Finding Y in Terms of X - Step by Step

[0000]

¿How to Find Y?

Hi, I have this equation and I need to find Y in terms of X. Could anyone explain me, step by step, how to do it?

X=(Y-2)/3 - 1/3Y

Sorry if there is any grammar mistakes, english isn't my native language.

 

[Repetit]

Y cancels out as you see:

X = (Y-2)/3 - 1/3 Y = Y/3 - 2/3 - Y/3 = -2/3

 

[mathman]

X=(Y-2)/3 - 1/3Y

There is a little ambiguity, but I'll assume that the last term is1/(3Y), not (1/3)Y (repetit assumption). In that case, multiply all terms by Y and you will get a quadratic equation in Y, with X as part of the coefficient of the linear term. Solve the quadratic for Y and you will have your answer (actually two answers).

 

[0000]

Thanks, it was 1/(3Y). My fault.

 

[berkeman]

Welcome to the PF, 0000. Please be sure to post homework and coursework questions like this one in the Homework Help forums here on the PF (where I've moved this thread to), and not in the general forums.

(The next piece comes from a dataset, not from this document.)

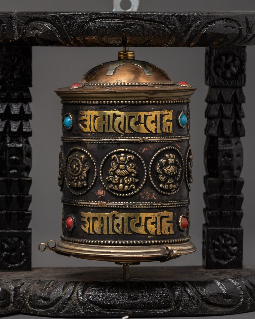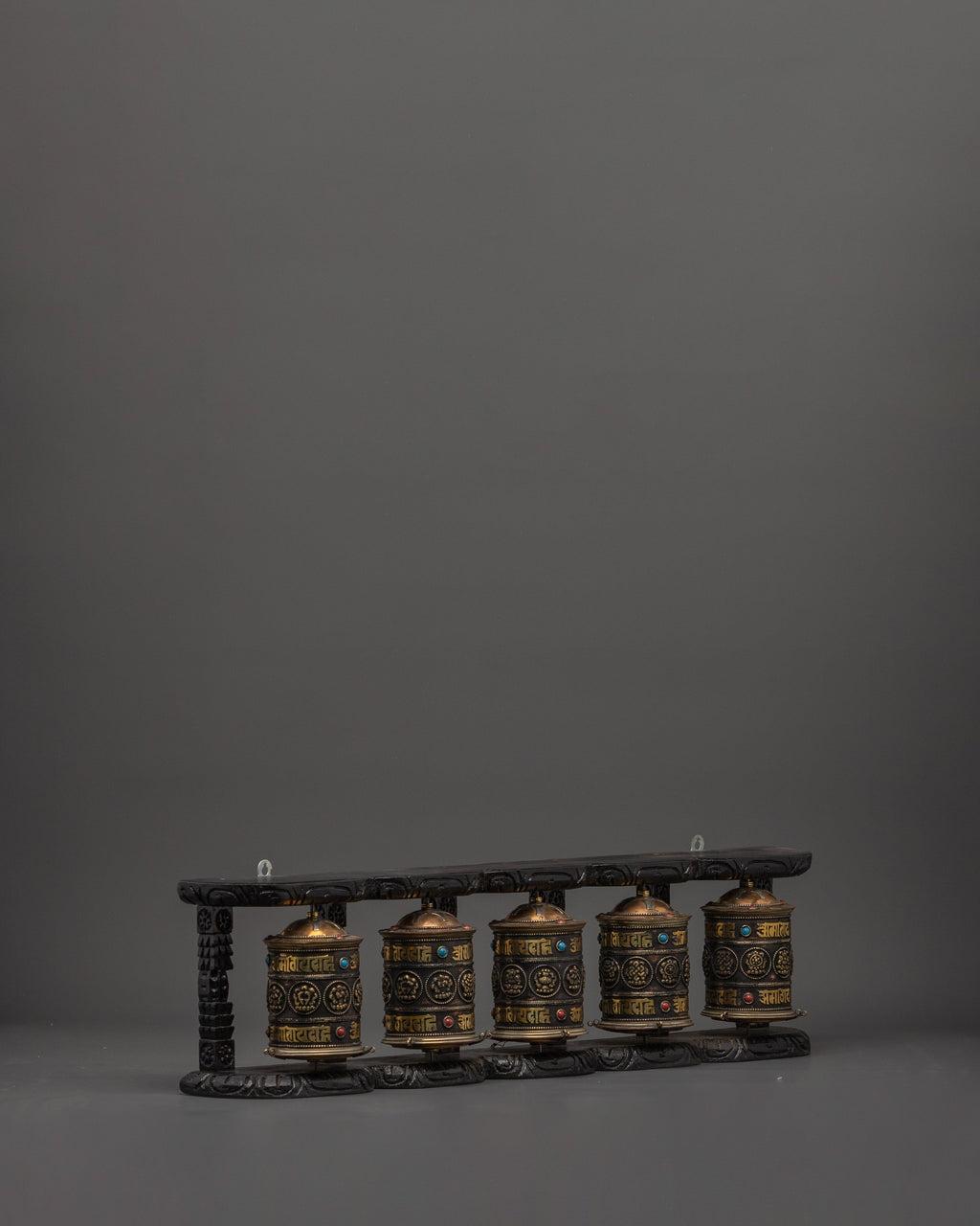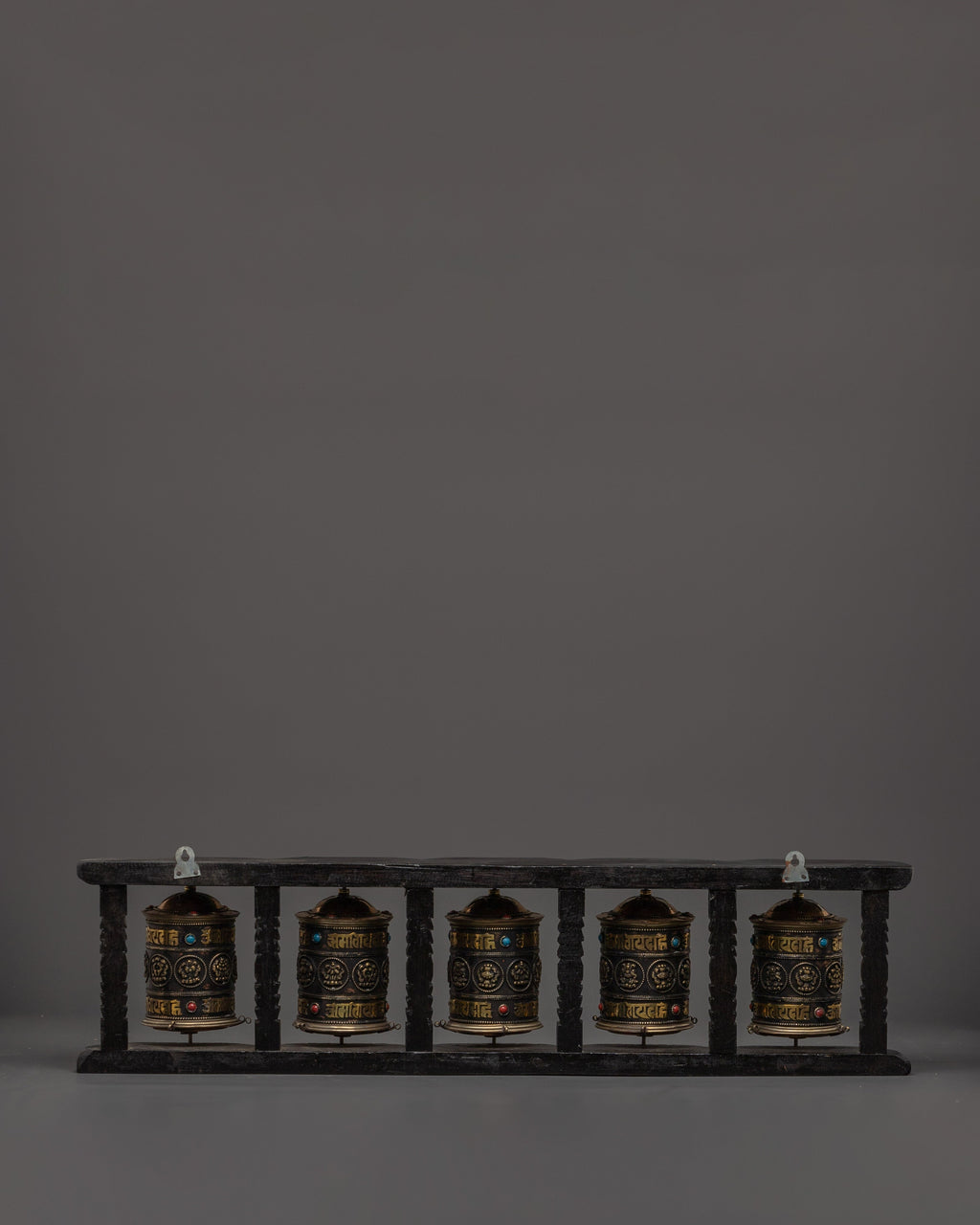 Five Tibetan Prayer Wheels on a Wooden Frame | For Zen Home Decor

Now, can you write out the quadratic equation as mathman has suggested, and show us how you would solve it?

 

[0000]

ok

Ok, berkeman

X=(Y-2)/3 - 1/(3Y)

yx=y((y-2)/3) - 1/(3Y))

yx=(y^2 - 2y)/3 -y/3y)

yx=(y^2 - 2y)/3 - 1/3

yx=(y^2 - 2y - 1)/3

y^2 - 2y - 1 - 3yx=0

y^2 - y(2+3x) - 1 = 0

a=1
b=-(2+3x) = (-2 - 3x)
c=-1

y=((2+3x)±√(9x^2 + 12x + 8))/2

 

[CompuChip]

yx=(y^2 - 2y)/3 - 1/3
yx=(y^2 - 2y - 1)

You forgot a 3 there. It's correct on the next line though.

y^2 - 2y - 1 - 3yx=0
y^2 - y(2-3x) - 1 = 0

Are you sure? Check what happens if you work out the brackets in the second line. I think it's a minus sign off.

The idea is correct though, just watch the minuses :)